The bill strengthens confidentiality and judicial protections for incarcerated persons' attorney–client electronic communications, but does so at the cost of added taxpayer-funded administration, risk of internal mishandling, and potential prosecutorial staffing and case-management complications.
Incarcerated people (including those with disabilities) keep confidential attorney–client electronic communications that are not subject to routine monitoring, preserving legal advice and defense preparation.
Government access to retained communications is limited by procedural safeguards (requirement of a warrant and approval from a U.S. Attorney or AAG), reducing the risk of unauthorized searches.
Courts may suppress evidence obtained in violation of access rules, providing a judicial remedy that helps protect defendants' rights and deter improper government searches.
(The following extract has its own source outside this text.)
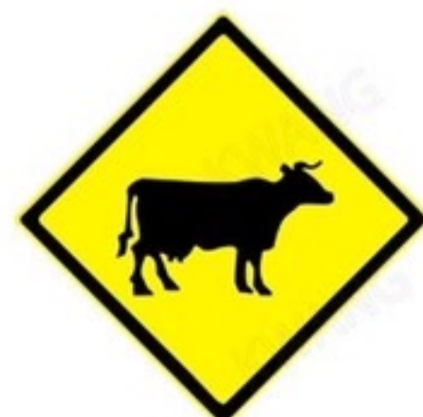
งดเคลื่อนย้ายสัตว์ หลังทำวัคซีน อย่างน้อย 30 วัน
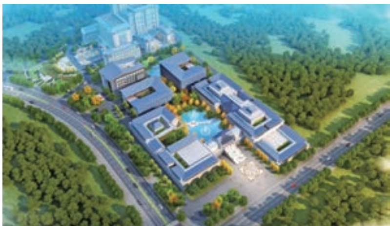
■寒江雪藝術館效果圖

Taxpayers may bear increased storage, security, and administrative costs because the Bureau of Prisons will retain privileged contents until an incarcerated person’s release.
Permitting the Bureau of Prisons to retain privileged communications creates risk of accidental disclosure or misuse by staff, which could harm defendants' cases and privacy.
Requiring U.S. Attorney/AAG review and banning participating prosecutors from related prosecutions could create conflicts, staffing burdens, and case-assignment complications that slow investigations.
Based on analysis of 2 sections of legislative text.
Requires DOJ/BOP to ensure privileged attorney-client electronic messages in federal prisons are excluded from monitoring and are subject to strict retention and warrant-based access rules.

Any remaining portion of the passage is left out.